# [REQUIRED ACTION]
Going down the data below, set down exactly the line with "Dundyne av merket" and each line after it through the line with "近日,小食代根据《财富》20"; no other lines.

# [LISTED RECORDS]
*****
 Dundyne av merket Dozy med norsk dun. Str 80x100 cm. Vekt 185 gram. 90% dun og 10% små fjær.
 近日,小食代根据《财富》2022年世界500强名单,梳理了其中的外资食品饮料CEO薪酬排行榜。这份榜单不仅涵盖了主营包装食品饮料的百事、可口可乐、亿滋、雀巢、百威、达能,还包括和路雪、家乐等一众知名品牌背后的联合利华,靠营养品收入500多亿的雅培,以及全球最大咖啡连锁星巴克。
*****
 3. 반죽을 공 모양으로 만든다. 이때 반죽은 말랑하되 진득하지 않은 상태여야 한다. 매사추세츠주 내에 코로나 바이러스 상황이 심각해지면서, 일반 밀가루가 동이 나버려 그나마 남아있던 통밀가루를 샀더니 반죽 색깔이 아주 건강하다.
*****
# [ANSWER BELOW]
 Dundyne av merket Dozy med norsk dun. Str 80x100 cm. Vekt 185 gram. 90% dun og 10% små fjær.
 近日,小食代根据《财富》2022年世界500强名单,梳理了其中的外资食品饮料CEO薪酬排行榜。这份榜单不仅涵盖了主营包装食品饮料的百事、可口可乐、亿滋、雀巢、百威、达能,还包括和路雪、家乐等一众知名品牌背后的联合利华,靠营养品收入500多亿的雅培,以及全球最大咖啡连锁星巴克。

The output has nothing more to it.